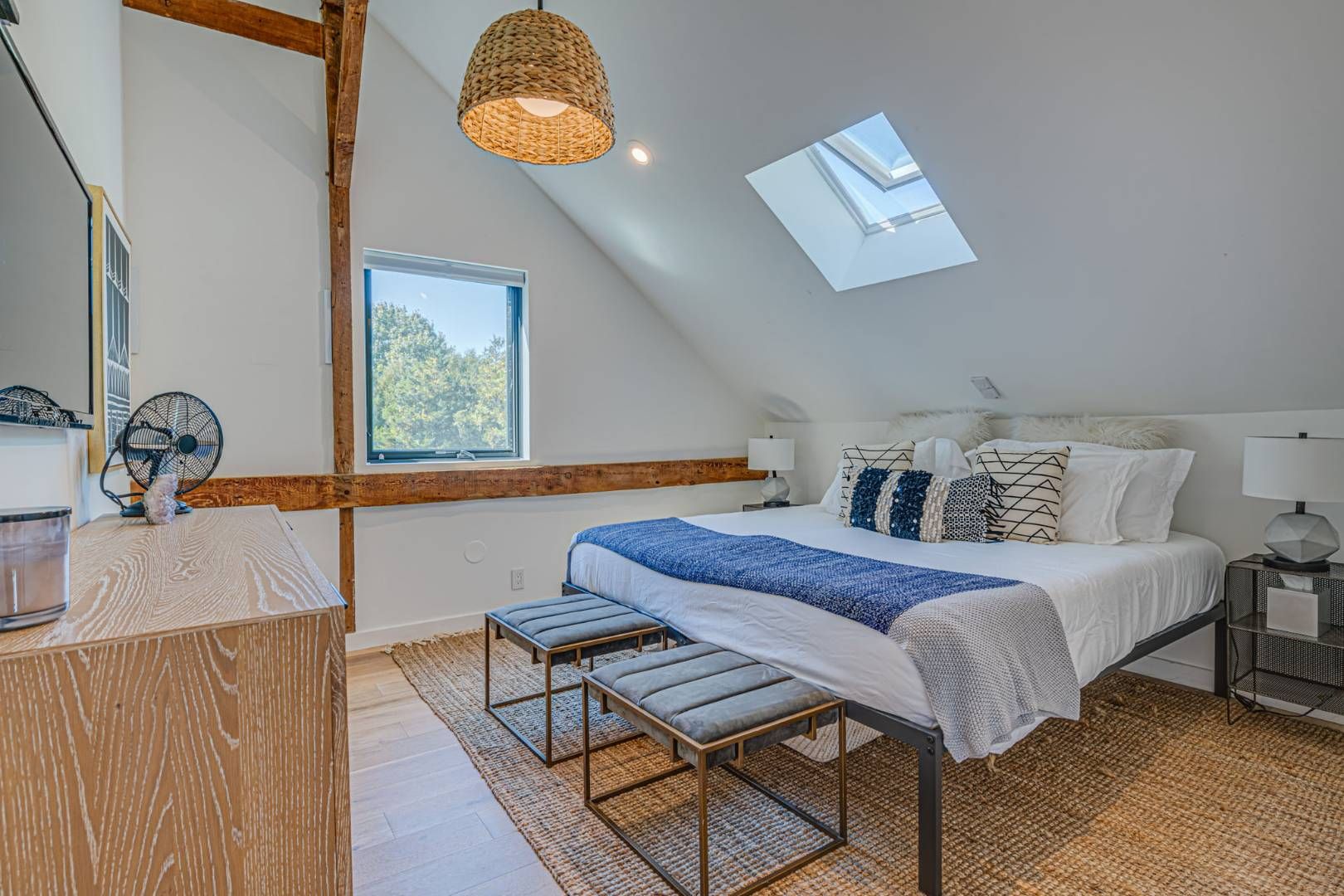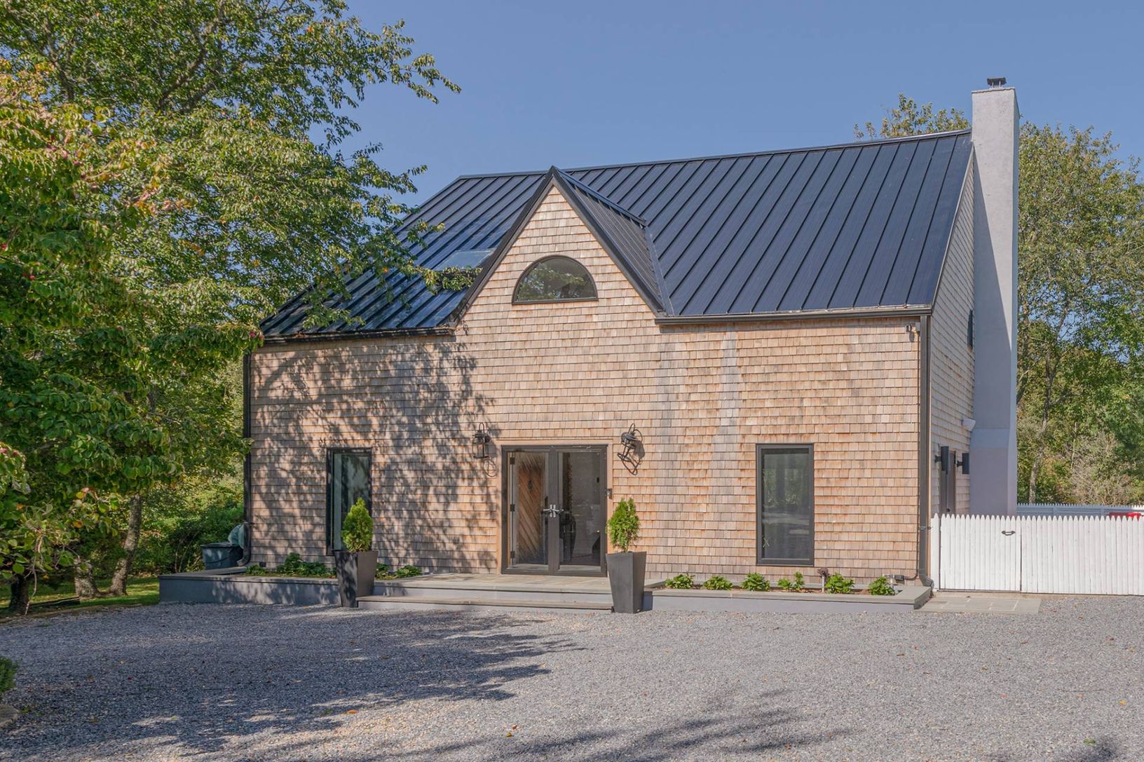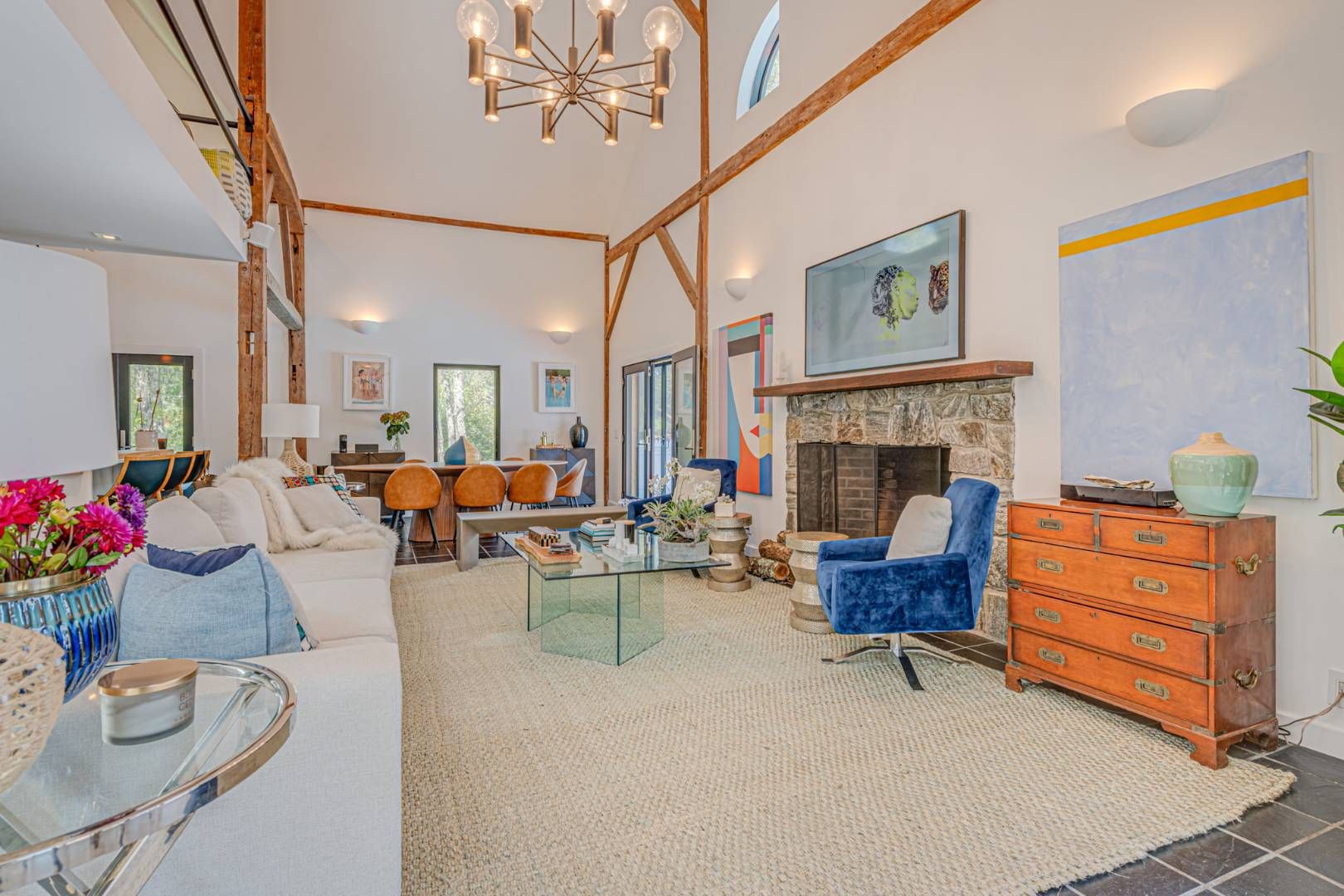 Perfectly located just 2.5 miles from exquisite ocean beaches, this South of the Highway gem is the most compelling opportunity on the market. Offering a unique blend of history and modernity, the original barn structure was converted by designer George Dandridge into a chic retreat in 1980. Set down a long flag driveway and adjacent to acres of open farm fields, the authentic post and beam structure creates an expansive, open and airy feel. T
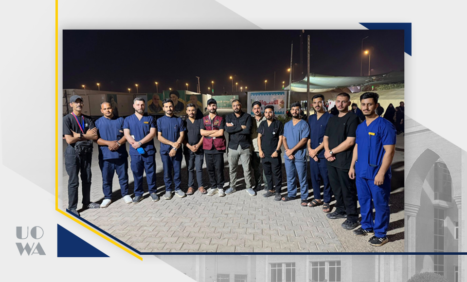 Amidst the sublime spiritual atmosphere of the immortal Arbaeen pilgrimage, the Deanship of the College of Medicine at Warith al-Anbiya University extends its highest expressions of appreciation, pride, and respect to our dear students participating in the medical service detachments deployed along all pilgrims' routes. We express our deep appreciation for the time, effort, and expertise they have devoted to treating, curing, and alleviating the pain of the honorable pilgrims. This would not have been possible without the desire, knowledge, and skill of this good group of our sons and daughters, which enabled them to perform this great task. The evaluations we received from the doctors supervising the work of our volunteer students were wonderful and a source of pride for us all. All supervisors noted the high discipline of our dear students, in addition to their academic potential and clinical skills, which qualify them to work at all times and under the most difficult conditions. This undoubtedly reflects the efforts of the college's professors in training and developing the theoretical, practical, and clinical skills of our dear students. This would not have been possible without the continuous support and ongoing supervision of the esteemed University President. In conclusion, we can only say:
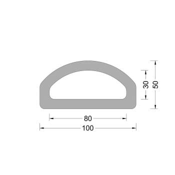 Rubber D fender profiel met een breedte van 100mm en een hoogte van 50mm.
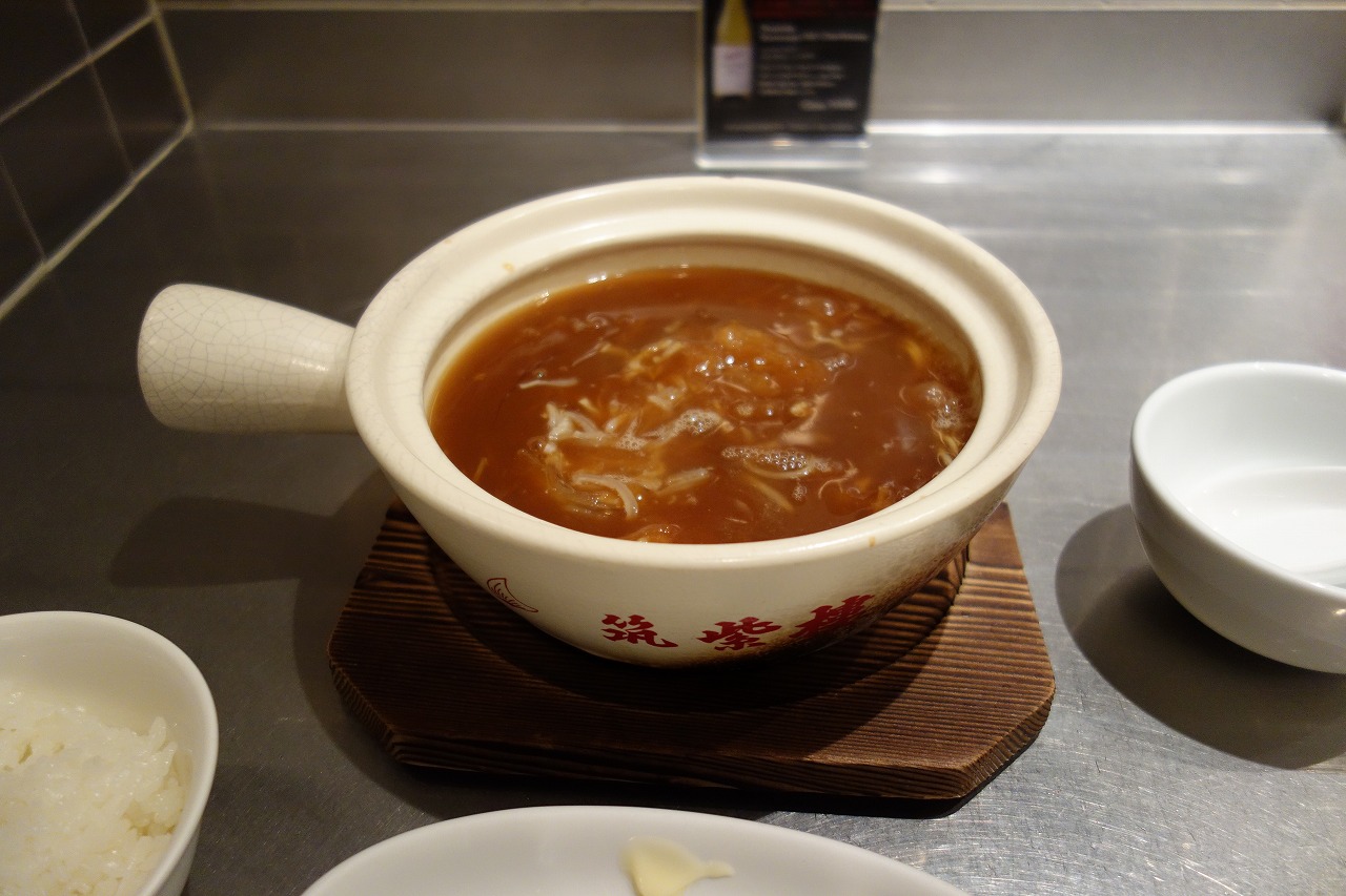 東京駅でランチ時に利用。店の名前にもなっているフカヒレ煮込みつゆそば「頂上麺」のセットを注文。麺が来る前にエビのマヨネーズ和えが出てくる。揚げたてのエビがおいしい。つゆそばと、ライスが一緒に出されるので、つゆそばのみで食べるもよし、スープとフカヒレをライスに載せるもよし。

=== WHAT IS NEEDED ===
Restate exactly the lines that start at the "Rubber D fender" line and end with the last line of the material above, leaving out the pictures.

=== ANSWER SPACE ===
 Rubber D fender profiel met een breedte van 100mm en een hoogte van 50mm.
 東京駅でランチ時に利用。店の名前にもなっているフカヒレ煮込みつゆそば「頂上麺」のセットを注文。麺が来る前にエビのマヨネーズ和えが出てくる。揚げたてのエビがおいしい。つゆそばと、ライスが一緒に出されるので、つゆそばのみで食べるもよし、スープとフカヒレをライスに載せるもよし。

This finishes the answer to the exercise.